▶ _Exercise instructions_
Scan the records below for the line with "Skjermbruk blant barn, unge og føresetteHelsedirektoratet" and the line with "- モデル要素のタイプごとに", and retype that range exactly, both ends included, pictures excepted.

▶ _Data listing_
◆ ◆ ◆ ◆ ◆ ◆ ◆

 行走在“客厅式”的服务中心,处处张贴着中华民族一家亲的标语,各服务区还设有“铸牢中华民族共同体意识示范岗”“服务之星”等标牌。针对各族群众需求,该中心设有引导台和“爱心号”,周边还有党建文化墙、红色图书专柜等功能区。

◆ ◆ ◆ ◆ ◆ ◆ ◆

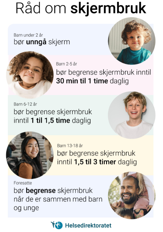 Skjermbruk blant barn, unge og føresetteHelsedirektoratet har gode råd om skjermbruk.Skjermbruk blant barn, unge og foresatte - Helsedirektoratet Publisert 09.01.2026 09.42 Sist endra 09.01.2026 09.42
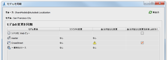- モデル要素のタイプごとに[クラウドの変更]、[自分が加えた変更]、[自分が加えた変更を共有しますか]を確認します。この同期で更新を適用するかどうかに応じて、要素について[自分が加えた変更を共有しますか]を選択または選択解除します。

◆ ◆ ◆ ◆ ◆ ◆ ◆

▶ _Response below_
 Skjermbruk blant barn, unge og føresetteHelsedirektoratet har gode råd om skjermbruk.Skjermbruk blant barn, unge og foresatte - Helsedirektoratet Publisert 09.01.2026 09.42 Sist endra 09.01.2026 09.42
- モデル要素のタイプごとに[クラウドの変更]、[自分が加えた変更]、[自分が加えた変更を共有しますか]を確認します。この同期で更新を適用するかどうかに応じて、要素について[自分が加えた変更を共有しますか]を選択または選択解除します。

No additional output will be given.